*WHAT YOU SHOULD DO:* Give the listing again in full and exactly, apart from its pictures.

*AVAILABLE DATA:*
>>>
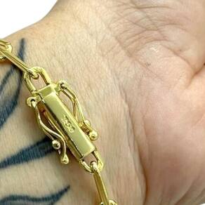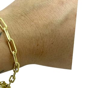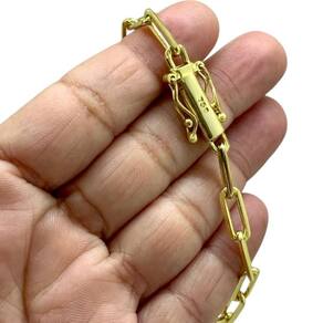 Pulseira Cadeado 6mm Alongado Fecho 750 Banhado a Ouro Detalhes do Produto: Material: ligas metálicas de alta qualidade, especialmente tratadas para fixação e absorção do ouro, com acabamento em verniz protetor. Aparência: visual idêntico ao ouro maciço. Produção: artesanal, com atenção meticulosa aos detalhes. Banho: 10 camadas espessas de ouro 18k, finalizadas com verniz antialérgico . Elos: soldados varia conforme o modelo . Pedras: zircônias brilhantes cravejadas quando aplicável . Tamanhos Disponíveis: Cordões Masculinos: 70cm padrão e 60cm sob consulta/Pedido Via Chat . Cordões Femininos: 50cm padrão e 45cm sob consulta/Pedido Via Chat . Pulseiras: 21cm padrão ; tamanhos de 18cm a 23cm sob consulta/Pedido Via Chat. Pingentes: conforme imagens; consulte para mais detalhes via chat. Espessuras Recomendadas para Cordões / Pingentes: P: 1mm a 4mm M: 4mm a 8mm G: 6mm a 13mm Gg: 12mm a 18mm Incluso na Compra: Saquinho de organza para armazenamento seguro. Caixa elegante, perfeita para presente. Cupom de desconto para a próxima compra. Flyer com outros produtos da coleção. Carta de agradecimento personalizada. Adesivo da marca ToJoia18k. Informações Adicionais: : 6 meses termos acompanham o produto . Devolução: 7 dias para devolução sem questionamentos. Envio: despacho em até 24 horas úteis após confirmação do pagamento. Cuidados com a Peça: Evite contato com produtos químicos; aguarde o perfume secar antes de usar. Evite contato com shampoo, condicionadores e suor excessivo. Armazene em local seco, preferencialmente no saquinho de organza fornecido. Uso no mar e piscina é permitido; lave com água corrente e sabão neutro após. Por que Escolher a ToJoia18k Semi-joias luxuosas que combinam estilo, qualidade e sofisticação. Banho espesso de ouro 18k, garantindo brilho duradouro e acabamento impecável. Design exclusivo e produção artesanal, perfeitos para qualquer ocasião. Materiais premium que asseguram durabilidade. Ao escolher uma semi-joia ToJoia18k, você investe em qualidade, elegância e uma experiência única. Aguardamos sua compra Observação: pode ocorrer variação no fecho raramente . Imagens reais, sem edição. Qualquer dúvida, estamos à disposição para esclarecimentos. Marca: Não Informado
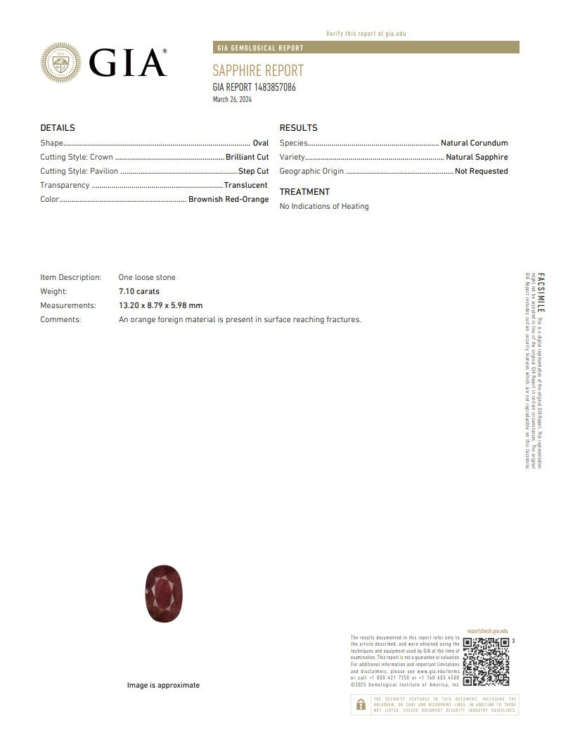 An extraordinary 7.10-carat natural sapphire, certified by the Gemological Institute of America (GIA), exhibiting a uniquely earthy brownish red-orange hue — a tone that captures the essence of autumn sunlight over volcanic soil.
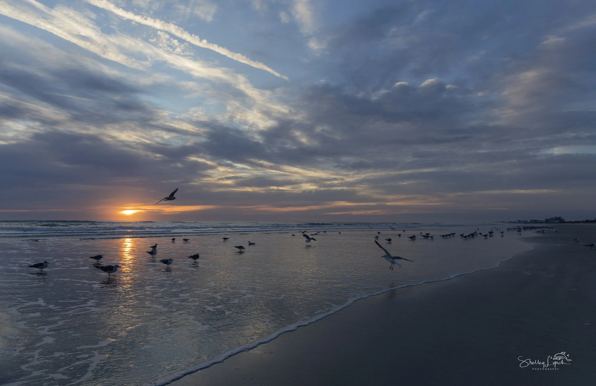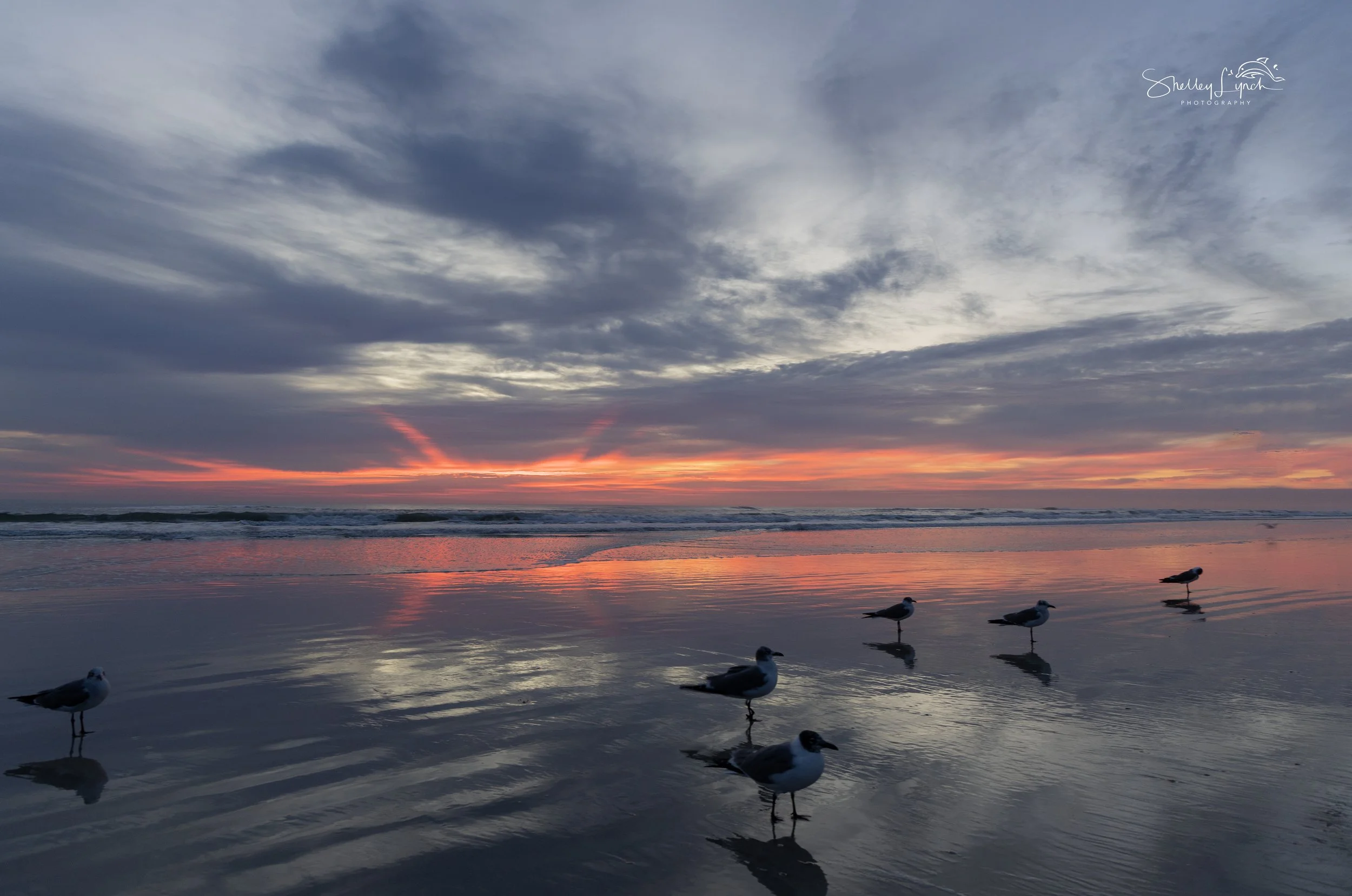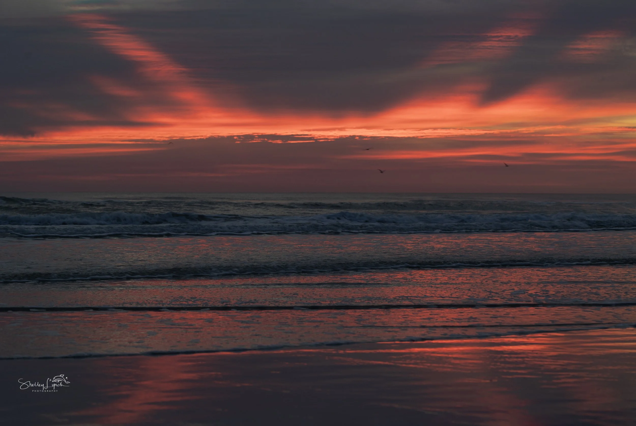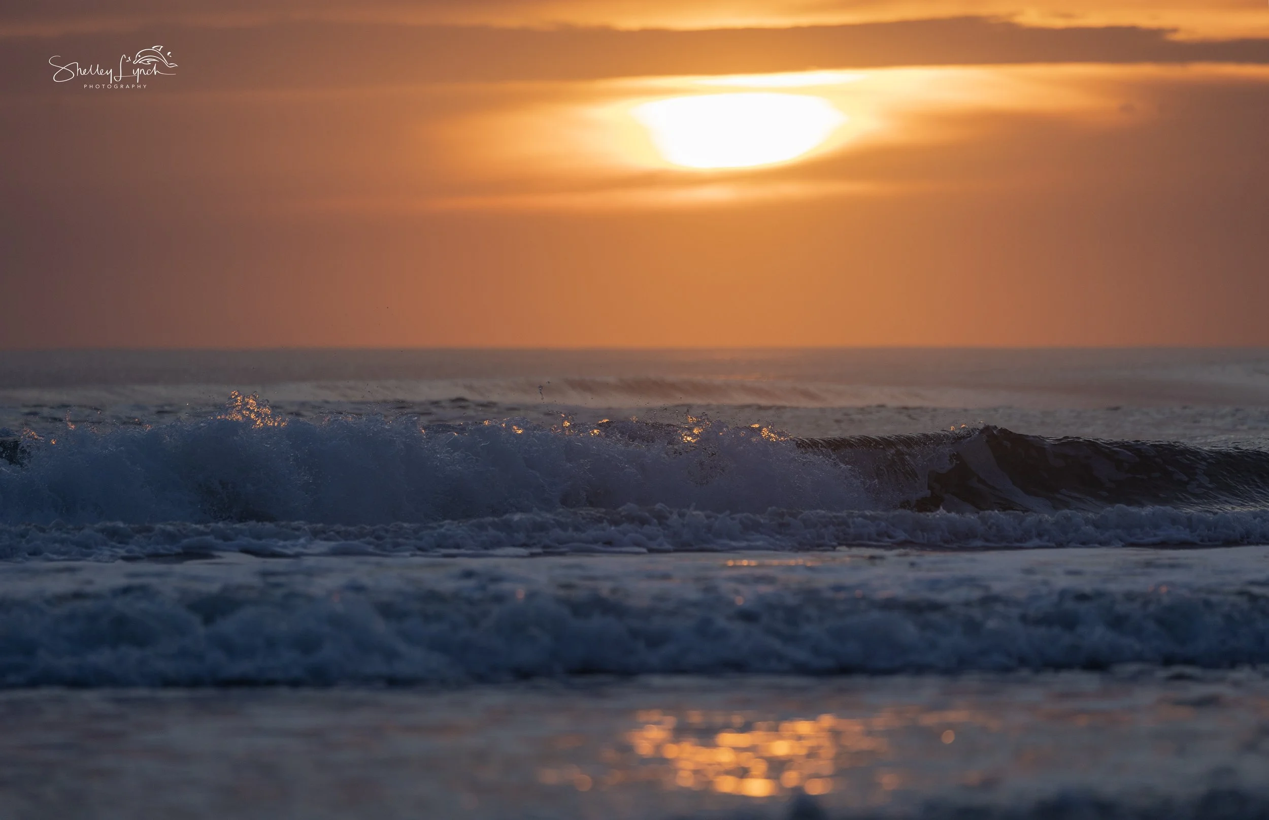 Two sets of waves rolled toward shore — one further out, one closer in —calling to the dolphins and surfers to come play. The soft light shimmered across the textured ocean- the wind creating art on the water.
<<<
*ANSWER TO THIS PROBLEM:*
 Pulseira Cadeado 6mm Alongado Fecho 750 Banhado a Ouro Detalhes do Produto: Material: ligas metálicas de alta qualidade, especialmente tratadas para fixação e absorção do ouro, com acabamento em verniz protetor. Aparência: visual idêntico ao ouro maciço. Produção: artesanal, com atenção meticulosa aos detalhes. Banho: 10 camadas espessas de ouro 18k, finalizadas com verniz antialérgico . Elos: soldados varia conforme o modelo . Pedras: zircônias brilhantes cravejadas quando aplicável . Tamanhos Disponíveis: Cordões Masculinos: 70cm padrão e 60cm sob consulta/Pedido Via Chat . Cordões Femininos: 50cm padrão e 45cm sob consulta/Pedido Via Chat . Pulseiras: 21cm padrão ; tamanhos de 18cm a 23cm sob consulta/Pedido Via Chat. Pingentes: conforme imagens; consulte para mais detalhes via chat. Espessuras Recomendadas para Cordões / Pingentes: P: 1mm a 4mm M: 4mm a 8mm G: 6mm a 13mm Gg: 12mm a 18mm Incluso na Compra: Saquinho de organza para armazenamento seguro. Caixa elegante, perfeita para presente. Cupom de desconto para a próxima compra. Flyer com outros produtos da coleção. Carta de agradecimento personalizada. Adesivo da marca ToJoia18k. Informações Adicionais: : 6 meses termos acompanham o produto . Devolução: 7 dias para devolução sem questionamentos. Envio: despacho em até 24 horas úteis após confirmação do pagamento. Cuidados com a Peça: Evite contato com produtos químicos; aguarde o perfume secar antes de usar. Evite contato com shampoo, condicionadores e suor excessivo. Armazene em local seco, preferencialmente no saquinho de organza fornecido. Uso no mar e piscina é permitido; lave com água corrente e sabão neutro após. Por que Escolher a ToJoia18k Semi-joias luxuosas que combinam estilo, qualidade e sofisticação. Banho espesso de ouro 18k, garantindo brilho duradouro e acabamento impecável. Design exclusivo e produção artesanal, perfeitos para qualquer ocasião. Materiais premium que asseguram durabilidade. Ao escolher uma semi-joia ToJoia18k, você investe em qualidade, elegância e uma experiência única. Aguardamos sua compra Observação: pode ocorrer variação no fecho raramente . Imagens reais, sem edição. Qualquer dúvida, estamos à disposição para esclarecimentos. Marca: Não Informado
 An extraordinary 7.10-carat natural sapphire, certified by the Gemological Institute of America (GIA), exhibiting a uniquely earthy brownish red-orange hue — a tone that captures the essence of autumn sunlight over volcanic soil.
 Two sets of waves rolled toward shore — one further out, one closer in —calling to the dolphins and surfers to come play. The soft light shimmered across the textured ocean- the wind creating art on the water.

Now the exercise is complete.